Exercise directions: The answer should be every line below, repeated exactly, with the images left out.

Recorded information:
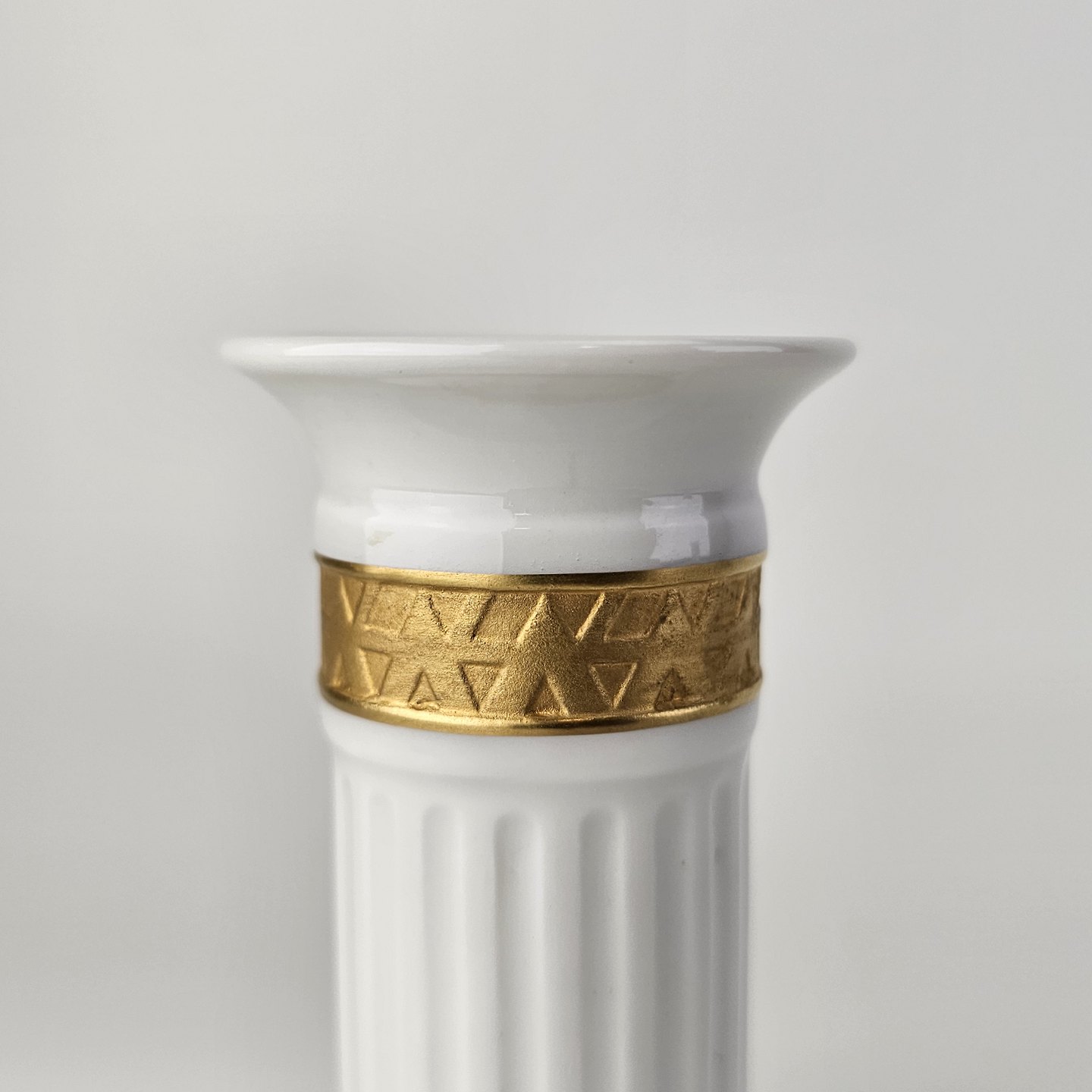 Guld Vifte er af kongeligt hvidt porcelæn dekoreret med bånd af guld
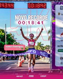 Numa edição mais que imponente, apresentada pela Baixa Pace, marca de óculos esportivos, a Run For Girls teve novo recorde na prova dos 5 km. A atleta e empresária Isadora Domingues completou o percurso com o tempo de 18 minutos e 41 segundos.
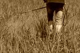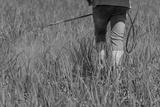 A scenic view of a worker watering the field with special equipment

Response for this exercise:
 Guld Vifte er af kongeligt hvidt porcelæn dekoreret med bånd af guld
 Numa edição mais que imponente, apresentada pela Baixa Pace, marca de óculos esportivos, a Run For Girls teve novo recorde na prova dos 5 km. A atleta e empresária Isadora Domingues completou o percurso com o tempo de 18 minutos e 41 segundos.
 A scenic view of a worker watering the field with special equipment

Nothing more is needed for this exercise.